A11: Vorm-functie-denken
De kandidaat kan in contexten redeneringen hanteren waarbij van biologische objecten op verschillende organisatieniveaus vanuit een gegeven vorm naar een bijbehorende functie wordt gezocht en andersom.
Typering
'Het meest voorkomende perspectief in het biologieonderwijs is het bouw&werking-perspectief, Hoe kan dat nou?' (Janssen, 2006, p.133). De relatie tussen de bouw (vorm) van een (deel van een) cel, organisme of ecosysteem en de werking (het functioneren) ervan is inderdaad veel onderzocht. En daarmee is het ook een krachtig denkgereedschap om leerlingen aan te leren. Redeneren tussen vorm en functie kan aan elk van de zijden starten.

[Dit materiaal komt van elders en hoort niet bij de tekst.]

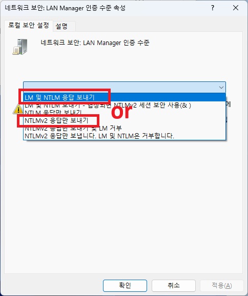 → "LM 및 NTLM 응답 보내기 " 으로 변경

Voorbeelden van vragen die op de verschillende organisatieniveaus gesteld zouden kunnen worden als start voor een verhelderende redenering staan hieronder.

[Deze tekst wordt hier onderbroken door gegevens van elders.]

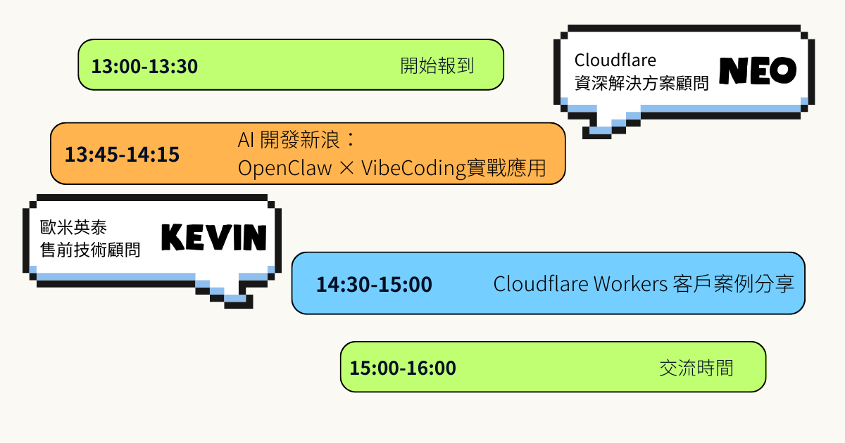 本次活動歐米英泰資深技術顧問將透過 Cloudflare Workers AI 實際開發案例,向各位分享如何在全球邊緣網路上快速建立 AI 應用。

Organisatieniveau | Vorm naar functie | Functie naar vorm |
---|---|---|
Moleculair | Waardoor leidt een verwisseling van een aminozuur soms wel en soms niet tot een verandering in eiwitfunctie? | Op welke manier kan een kanaal in een celmembraan selectief zijn voor bepaalde stoffen? |
Cellulair/weefsel | Wat is de functie van het 'lek raken' van haarvaten bij een ontsteking? | Welke kenmerken moet een macrofaag hebben om zijn taak te kunnen doen? |
Orgaan | Wat voor overlevingswaarde heeft bladverlies voor de plant? | Als zaden reservevoedsel voor het kiemplantje dragen, waarom hebben dan niet alle planten grote zaden? |
Organisme intern | Waarom hebben wij eigenlijk een systeem dat transplantaten afstoot als dat in de natuur nooit voorkomt? | Ontwerp een organisme dat kan overleven in een klimaat met droge hete zomers en lange koude winters. |
Organisme extern | Vogels maken per soort verschillende geluiden. Wat zou er misgaan als meerdere soorten dezelfde zang hadden? | Op welke wijze vinden mollen elkaar voor de voortplanting? |
De kernvragen hierbij zijn
'waarvoor dient ...?' (van vorm naar functie) en
'hoe wordt ervoor gezorgd dat…?' (van functie naar vorm).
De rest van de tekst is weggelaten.